Problem ▸
Every entry should come back exactly as written, minus the pictures.

Data for processing ▸
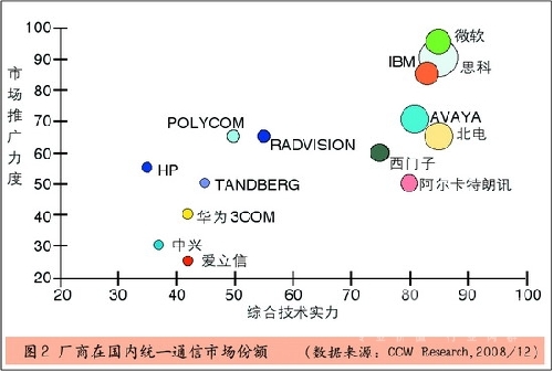 從當(dāng)前國(guó)內(nèi)統(tǒng)一通信市場(chǎng)競(jìng)爭(zhēng)格局來(lái)看,在綜合技術(shù)實(shí)力方面,根據(jù)廠(chǎng)商所提供的統(tǒng)一通信解決方案中所能夠提供的各種溝通方式融合的程度以及每個(gè)具體功能技術(shù)水平等綜合因素考慮,處于前幾位的分別是思科、微軟、北電、IBM和Avaya,它們的產(chǎn)品線(xiàn)比較長(zhǎng),產(chǎn)品功能也相對(duì)比較全面。
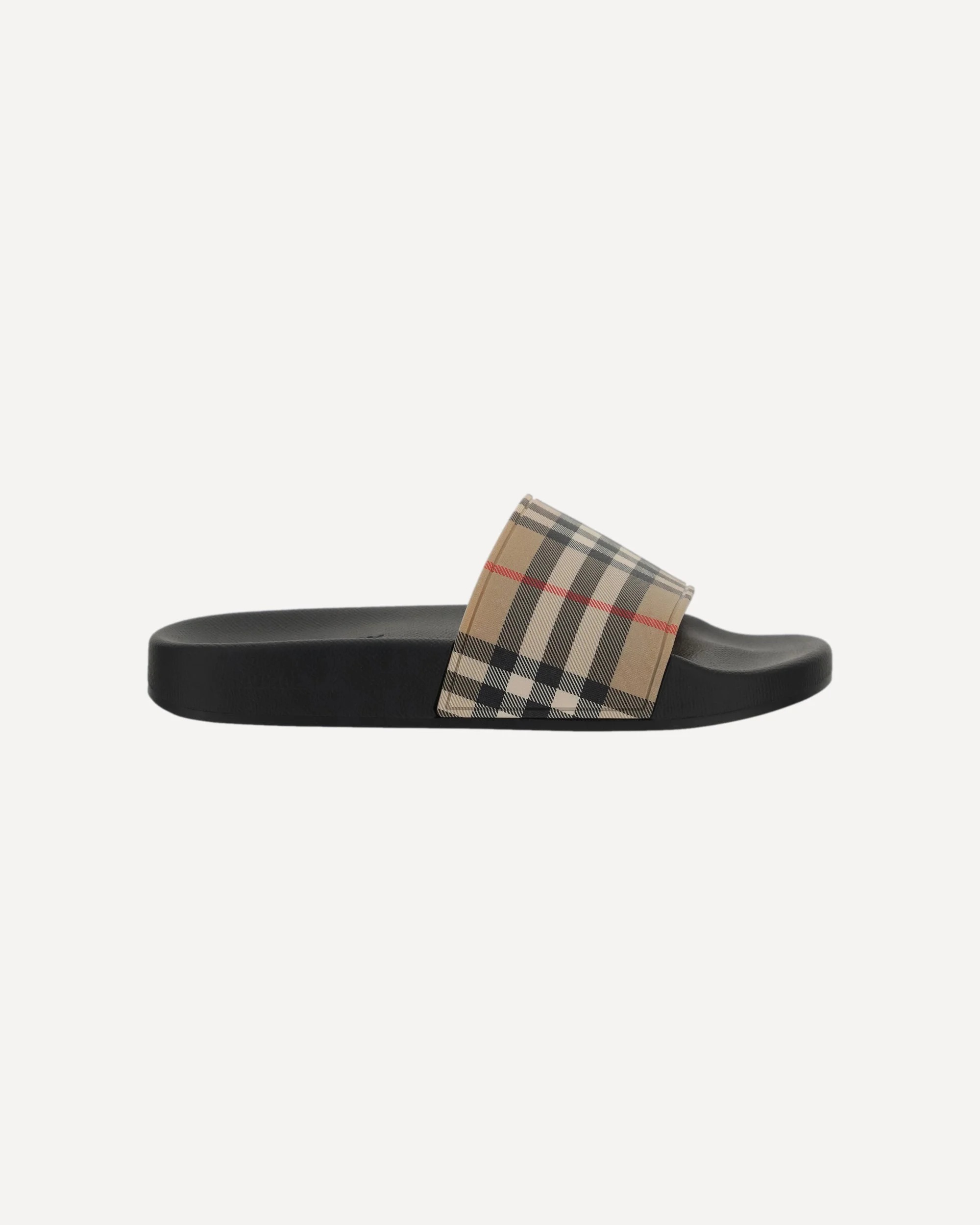 Furley Sandals by Burberry, unique wide front band with the brand's iconic check pattern, flat sole, round toe, and logo-embossed insole. DETAILS sku 8057037_A7028 composition: POLYURETHANE 100% RUBBER 100% color group: MULTICOLOUR gender: WOMAN season: SS25 size chart: SHOES IT category name: SANDALS
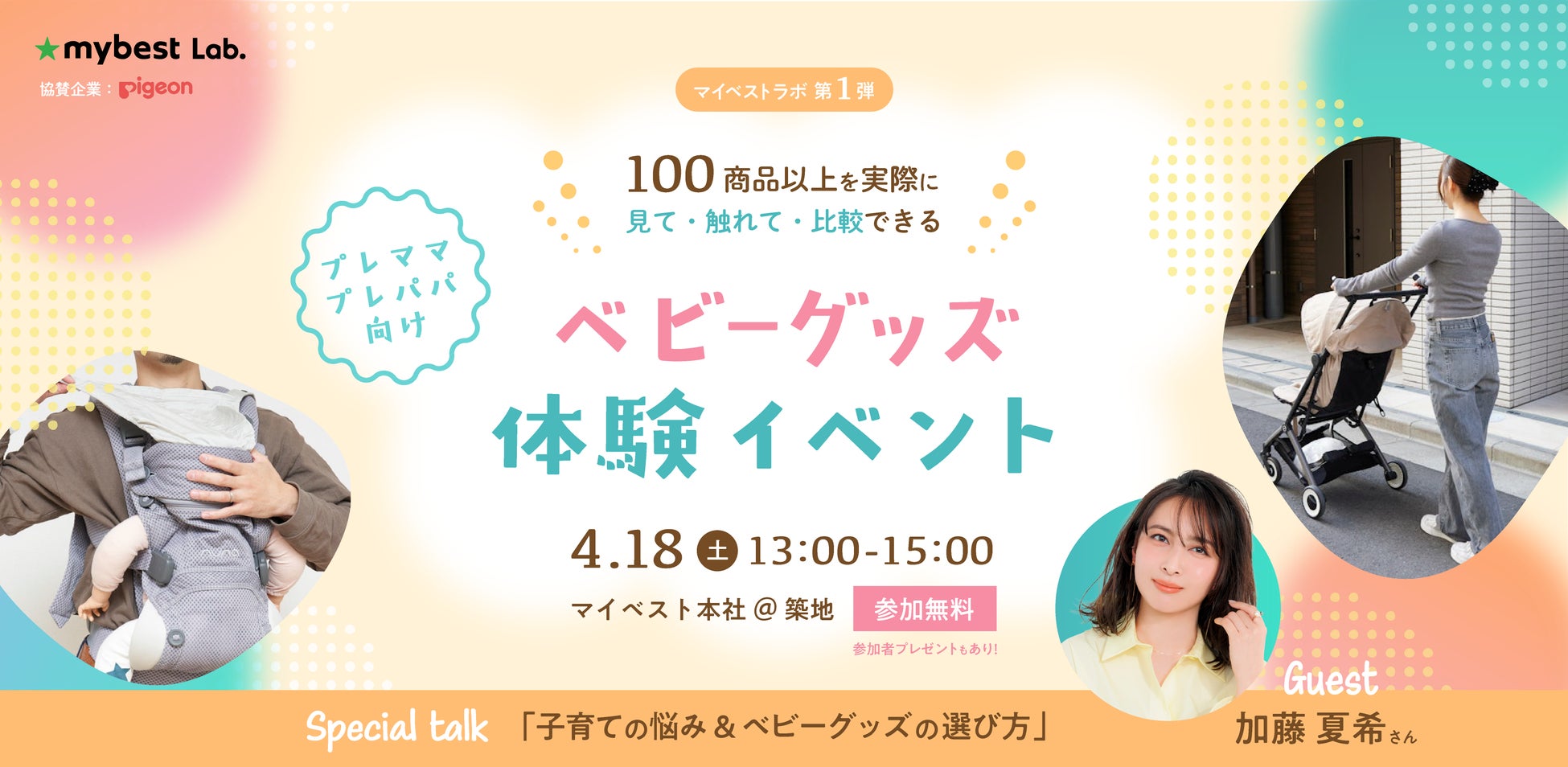 今回の調査結果を受け、ベビーグッズを実際に見て・触れて・比べられる体験型イベントを開催します。当日は加藤夏希さんをゲストとしてお招きし、「マイベストガイド」や「ベビー用品メーカー ピジョンのご担当者様」、「専門家」が選び方のポイントをわかりやすく解説。実際にベビーカーや抱っこ紐など、100商品以上を手に取りながら比較・体験いただけます。選択基準がわからないという不安を、リアルな体験を通じてサポートします。
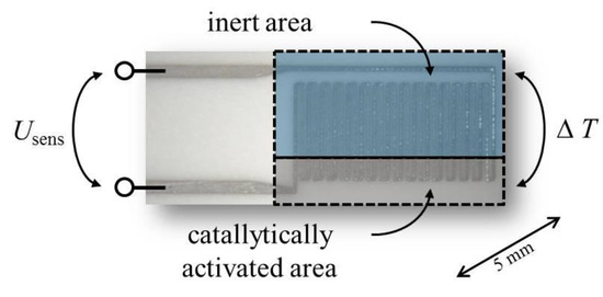 Part of the sensors front side: A screen-printed Pt/PtRh thermopile structure measures the temperature gradient between an inert and a catalytically activated area by a thermovoltage. Gas reactions on the catalyst affect the signal.
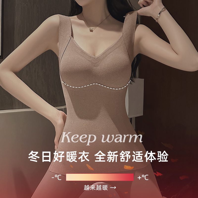 Duvet Warm Vest Women's Underwear Winter With Chest Cushion Plus Suede Thickened Inner Lap Cotton Undershirt Low Collar Autumn Blouse-Taobao
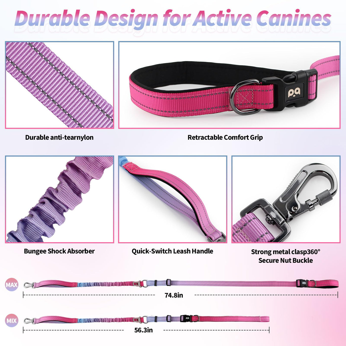 Mlohasing Heavy Duty Hands Free Dog Leash (Pink-Purple)
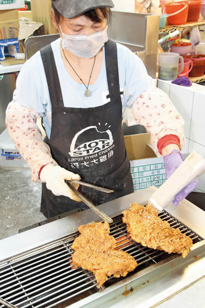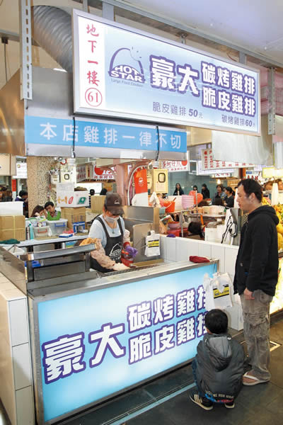 發跡於士林夜市陽明戲院前的「豪大大雞排」以超大 雞排闖出名號,曾經創造出一天賣出三千片的銷售佳績,是該夜市裡指標性的小吃之一,雖然在士林已有兩家分店,由於太受歡迎,仍然在新夜市的美食街擺設攤 位,有別於分店販售沾上乾粉油炸的台式雞排,此攤以販售兩種特殊作法的雞排為特色,利用獨家的中藥醃製配方將雞胸肉醃漬過後,一是沾上濕粉油炸,二是沾上 乾粉碳烤,雞排體積仍保持一般雞排的1.5倍,將剛從油鍋夾起的雞排比一比,可發現比成人臉還要大!外皮香酥肉汁鮮美,香味撲鼻,令人忍不住食指大動,攤 子前總是排滿長長人龍,愛吃雞排的遊客得有心理準備耐心等候。

Answer box ▸
 從當(dāng)前國(guó)內(nèi)統(tǒng)一通信市場(chǎng)競(jìng)爭(zhēng)格局來(lái)看,在綜合技術(shù)實(shí)力方面,根據(jù)廠(chǎng)商所提供的統(tǒng)一通信解決方案中所能夠提供的各種溝通方式融合的程度以及每個(gè)具體功能技術(shù)水平等綜合因素考慮,處于前幾位的分別是思科、微軟、北電、IBM和Avaya,它們的產(chǎn)品線(xiàn)比較長(zhǎng),產(chǎn)品功能也相對(duì)比較全面。
 Furley Sandals by Burberry, unique wide front band with the brand's iconic check pattern, flat sole, round toe, and logo-embossed insole. DETAILS sku 8057037_A7028 composition: POLYURETHANE 100% RUBBER 100% color group: MULTICOLOUR gender: WOMAN season: SS25 size chart: SHOES IT category name: SANDALS
 今回の調査結果を受け、ベビーグッズを実際に見て・触れて・比べられる体験型イベントを開催します。当日は加藤夏希さんをゲストとしてお招きし、「マイベストガイド」や「ベビー用品メーカー ピジョンのご担当者様」、「専門家」が選び方のポイントをわかりやすく解説。実際にベビーカーや抱っこ紐など、100商品以上を手に取りながら比較・体験いただけます。選択基準がわからないという不安を、リアルな体験を通じてサポートします。
 Part of the sensors front side: A screen-printed Pt/PtRh thermopile structure measures the temperature gradient between an inert and a catalytically activated area by a thermovoltage. Gas reactions on the catalyst affect the signal.
 Duvet Warm Vest Women's Underwear Winter With Chest Cushion Plus Suede Thickened Inner Lap Cotton Undershirt Low Collar Autumn Blouse-Taobao
 Mlohasing Heavy Duty Hands Free Dog Leash (Pink-Purple)
 發跡於士林夜市陽明戲院前的「豪大大雞排」以超大 雞排闖出名號,曾經創造出一天賣出三千片的銷售佳績,是該夜市裡指標性的小吃之一,雖然在士林已有兩家分店,由於太受歡迎,仍然在新夜市的美食街擺設攤 位,有別於分店販售沾上乾粉油炸的台式雞排,此攤以販售兩種特殊作法的雞排為特色,利用獨家的中藥醃製配方將雞胸肉醃漬過後,一是沾上濕粉油炸,二是沾上 乾粉碳烤,雞排體積仍保持一般雞排的1.5倍,將剛從油鍋夾起的雞排比一比,可發現比成人臉還要大!外皮香酥肉汁鮮美,香味撲鼻,令人忍不住食指大動,攤 子前總是排滿長長人龍,愛吃雞排的遊客得有心理準備耐心等候。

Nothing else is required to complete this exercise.